Donald Trump: Leading Republicans ignore his candidacy

Presidential Election 2024
Leading Republicans are ignoring Donald Trump’s candidacy – and one is taking a stand

Former US President Donald Trump announces his candidacy at his Mar-a-Lago estate in Florida.

© Andrew Harnik/AP/DPA

Donald Trump’s re-election as presidential candidate has met with little enthusiasm in parts of his party. Leading Republicans are currently struggling to simply ignore them.

The fact that Donald Trump wants to run again for the Republicans for the US presidency in 2024 has put the party in trouble. Should we give the election loser of 2020 another try, whom many also blame for the collapse of the Grand Old Party (GOP) at the Midterms? Or wouldn’t it be better to heed the old wisdom of the Dakota Indians: “If you find yourself riding a dead horse, dismount.”

Leading Republicans and potential rivals within Trump’s party in the fight for the White House are currently shirking an answer to this question – above all Florida Governor Ron DeSantis, who is said to have ambitions for the highest office in the state. At a press conference on Wednesday, he brushed aside reference to an impending “civil war within the GOP” in which “people will have to choose between you and Donald Trump” with the words: “We’ve only just got through this election, okay ?People just need to calm down a little bit about these things.”

DeSantis, without uttering Trump’s name, said it was far too early for Republicans to focus on the next presidential election. Instead, he is concentrating on his government work in Florida and on the runoff in Georgia on December 6th. There, the Republican Herschel Walker wants to take the last remaining Senate seat after the midterm elections from the Democratic Senator Raphael Warnock.

DeSantis was confirmed in the governorship at the midterms with a convincing result. He has not yet filed any claims for the Republican presidential nomination, but is considered a promising candidate.

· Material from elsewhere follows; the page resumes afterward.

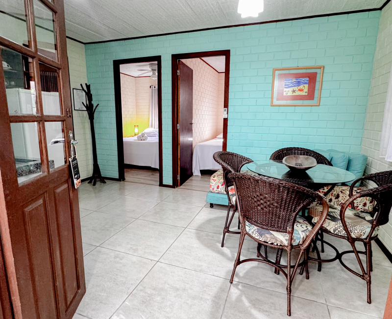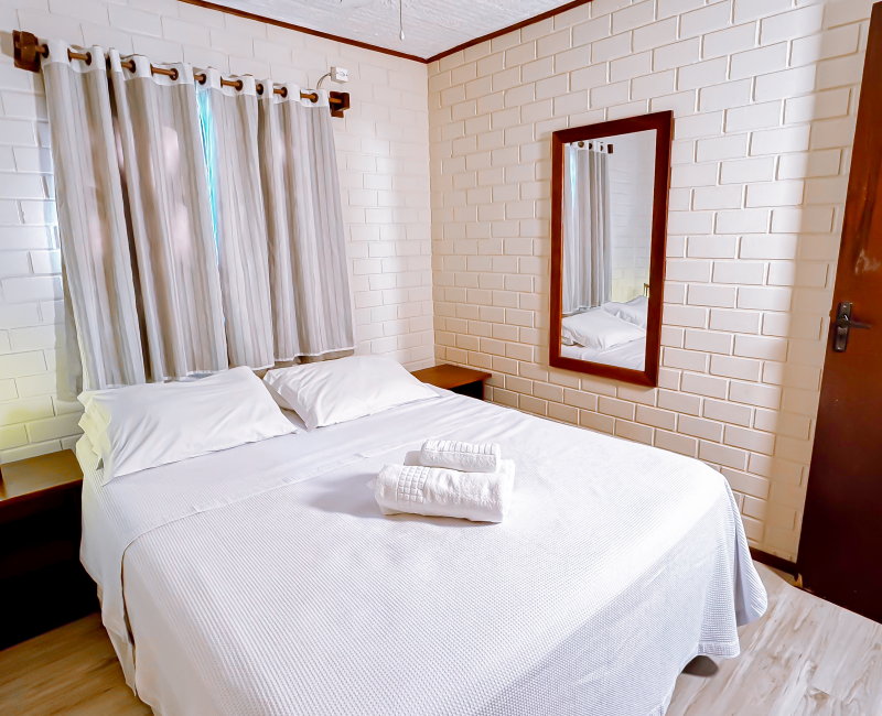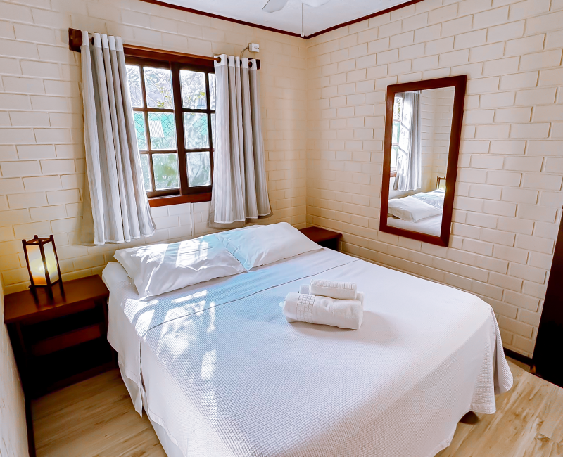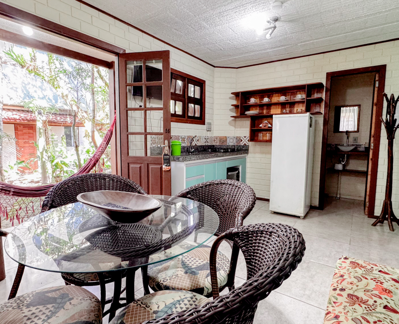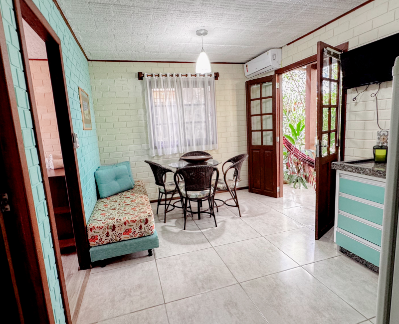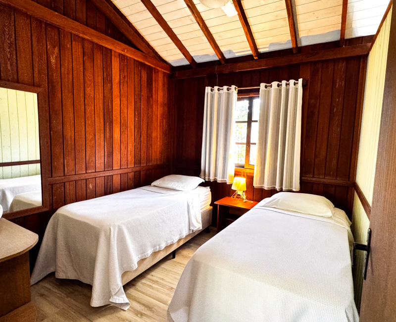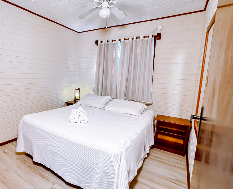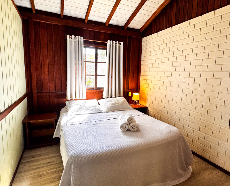 Perfeito para quem busca conforto e aconchego em meio à natureza. Com capacidade para até quatro pessoas, esse chalé conta com dois quartos climatizados, sala de estar com TV, cozinha equipada para preparar suas refeições favoritas e uma charmosa varanda com rede, ideal para relaxar sentindo a brisa da Guarda do Embaú.
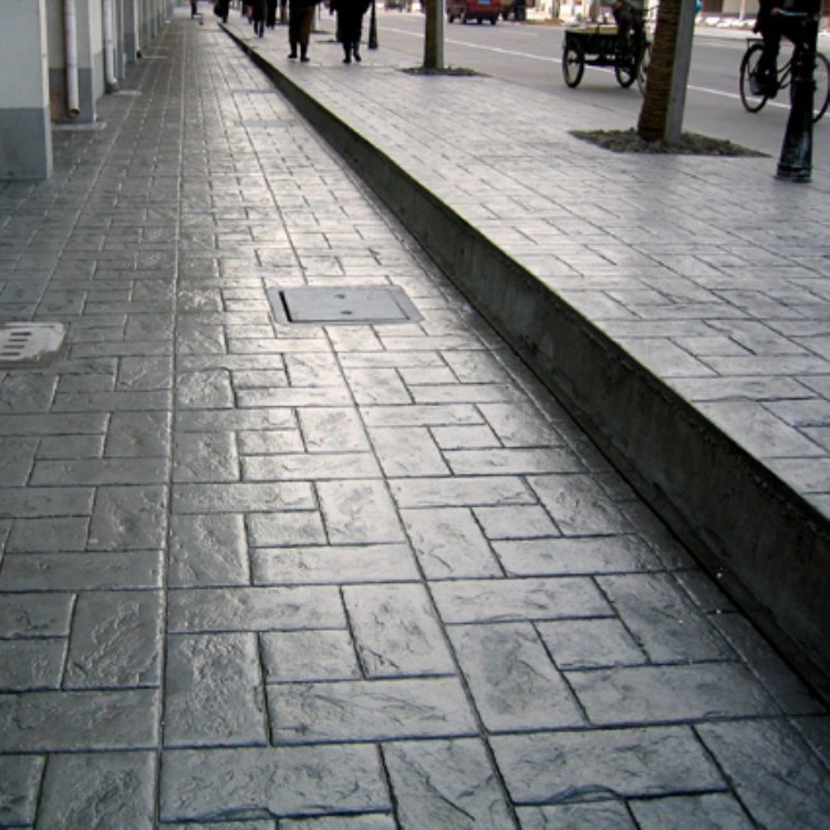 產品特點是能夠直接在混凝土上非常逼真地模仿許多建筑裝飾材料的質地及色澤,呈現出的效果酷似天然的青石板、木板、火山巖石等等。它能夠刻意表現出自然材質的粗礪,凹凸不平和復雜紋理,整體成型,一次性鋪裝,施工快,同時又解決了普通彩色道磚的整體性差,高低不平易松動,使用周期短等缺點。

Many questions but few answers about Donald Trump

Ohion Governor Mike DeWine was just as evasive as his Florida counterpart and party colleague when asked about Trump’s candidacy. “It’s a little early to comment on the presidential race,” DeWine said at the Republican Association of Governors’ Association meeting in Orlando on Wednesday. “We’re still trying to analyze what happened a week ago.” DeWine also secured his re-election by a clear margin. He is among Republicans who refuse to repeat Trump’s lie about the stolen 2020 election.

Top Republican Mitch McConnell also declined to comment on the 2024 primary. “The way I’m going into this primary season is that I’m staying out of it,” McConnell said when asked. “I have no horse in this race.”

The GOP Senate spokesman, who has kept his distance from Trump for some time, admitted that his party did not sufficiently convince moderate Republicans and independent voters in the midterm elections. “They looked at us and came to the conclusion: too much chaos, too much negativity,” McConnell explained. As an example, he eloquently listed states in which candidates supported by Trump failed, but did not name the ex-president.

Donald Trump speaks at his Mar-a-Lago estate.  The former US President wants to run again for the Republicans in the 2024 presidential election.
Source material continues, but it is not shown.